> _ACTIVITY_
With pictures left out, write out exactly every line from the start of the data through the one that contains "产品型号: KM-YG1900 操作系统: Windows".

> _DATA SHOWN_
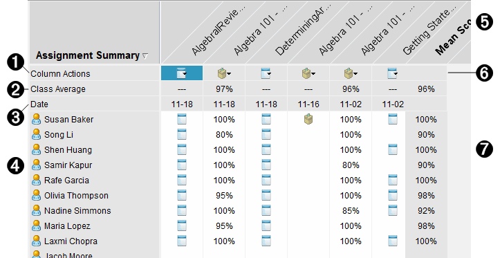Encabezado de columna. Muestra el nombre de la tarea guardada en el Espacio de Trabajo de Portafolio. Puede realizar las mismas acciones en el encabezado de columna que en las acciones de columna. Haga clic derecho en el encabezado de columna para abrir el menú. El encabezado de columna Calificación Promedio muestra la calificación promedio tanto de todas las tareas como de todas las tareas por estudiante. Haga clic con el botón derecho en la columna Calificación Promedio para ordenar las calificaciones de forma ascendente o descendente. |
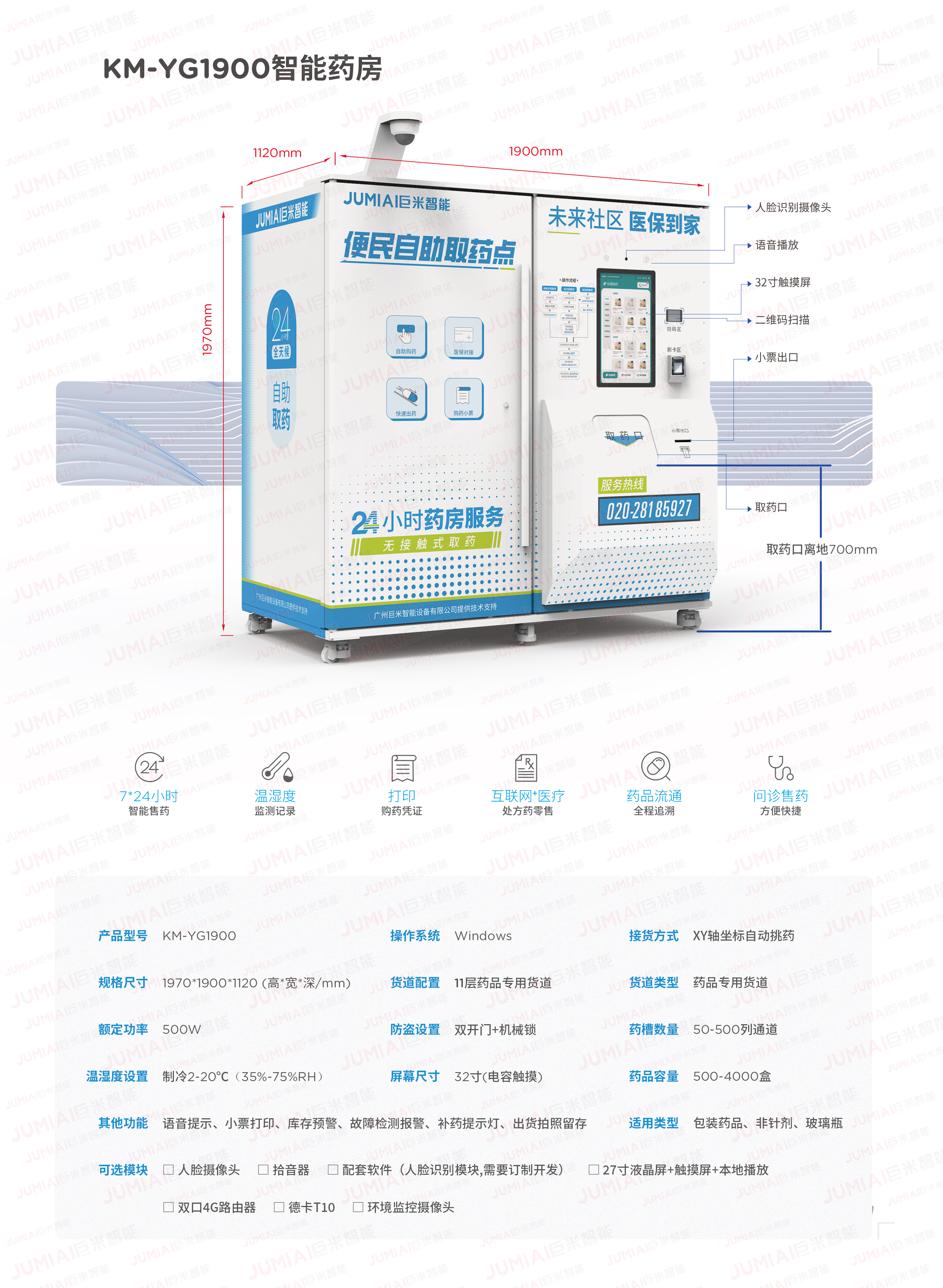产品型号: KM-YG1900 操作系统: Windows 接货方式: XY轴坐标自动挑药 规格尺寸: 1970*1900*1120(高"宽"深/mm) 货道配置: 11层药品专用货道 货道类型: 药品专用货道 额定功率: 500W 防盗设置: 双开门+机械锁 药槽数量: 50-500列通道 温湿度设置: 制冷2-20°C(35%-75%RH) 屏幕尺寸: 32寸(电容触摸) 药品容量: 500-4000盒
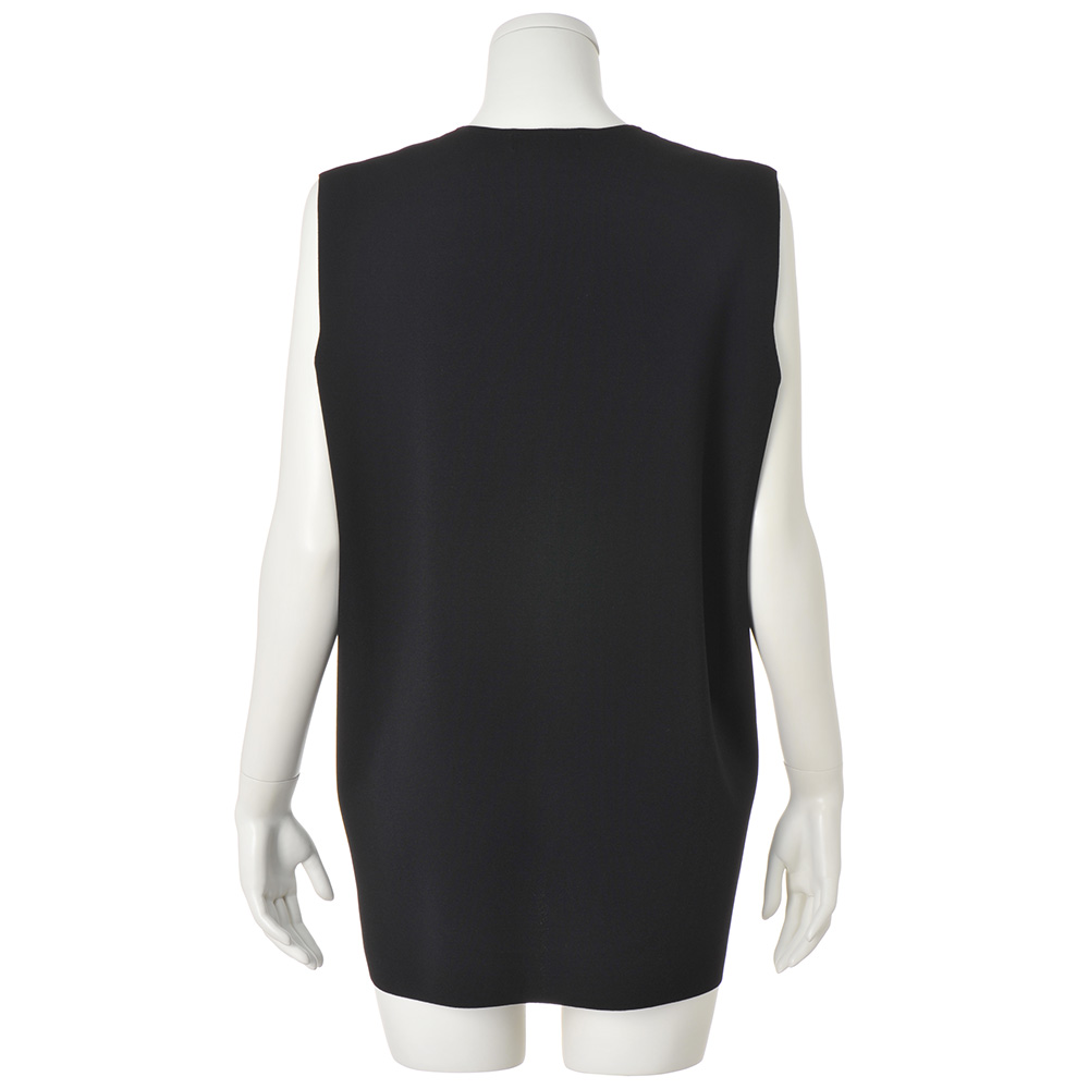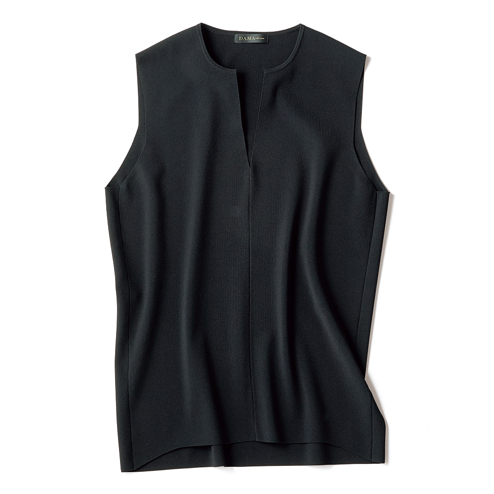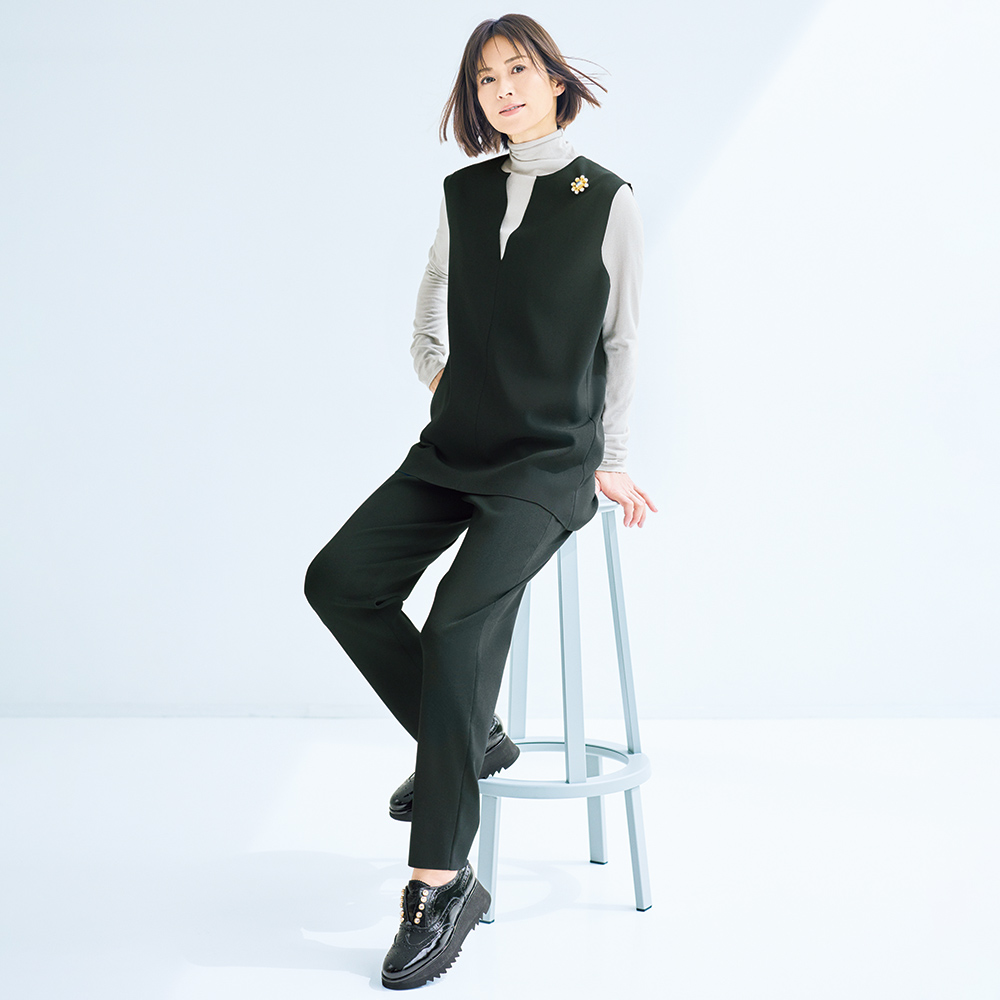 MINIMAL CHIC私らしさが輝く洗練ベーシックシンプルだから際立つ研ぎ澄まされた洗練とセンスが光る拘りで、着ればたちまちお洒落な印象に!ラクしてきちんと、は案外すぐに叶います。伸びやかさとキックバック性のある、しっかり目の詰まった布帛ライクな総針ニットでセットアップを作りました。ストレッチ糸を引き揃えて編み立てているのでハリ感もあり、フォルムの美しさが秀逸。シンプルに徹したデザインなので、単品使いも思いのままです。ジレは前振りにした脇線と裾の前後差で、後ろ裾をヒップに沿わせたモード感のあるシルエットに。季節の深まりに合わせてインナーを選べるよう、キーネック、深めのアームホール、ゆとりのある身幅にしています。≫ POINT動きやすく、オールシーズン着られ、家で洗える…、と良いこと尽くめ。単品でも活躍する万能アイテム。
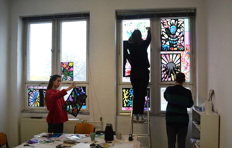 Installation of group exhibition on windows of BAI. Group discussion of work that was produced.

> _WRITTEN SOLUTION_
Encabezado de columna. Muestra el nombre de la tarea guardada en el Espacio de Trabajo de Portafolio. Puede realizar las mismas acciones en el encabezado de columna que en las acciones de columna. Haga clic derecho en el encabezado de columna para abrir el menú. El encabezado de columna Calificación Promedio muestra la calificación promedio tanto de todas las tareas como de todas las tareas por estudiante. Haga clic con el botón derecho en la columna Calificación Promedio para ordenar las calificaciones de forma ascendente o descendente. |
产品型号: KM-YG1900 操作系统: Windows 接货方式: XY轴坐标自动挑药 规格尺寸: 1970*1900*1120(高"宽"深/mm) 货道配置: 11层药品专用货道 货道类型: 药品专用货道 额定功率: 500W 防盗设置: 双开门+机械锁 药槽数量: 50-500列通道 温湿度设置: 制冷2-20°C(35%-75%RH) 屏幕尺寸: 32寸(电容触摸) 药品容量: 500-4000盒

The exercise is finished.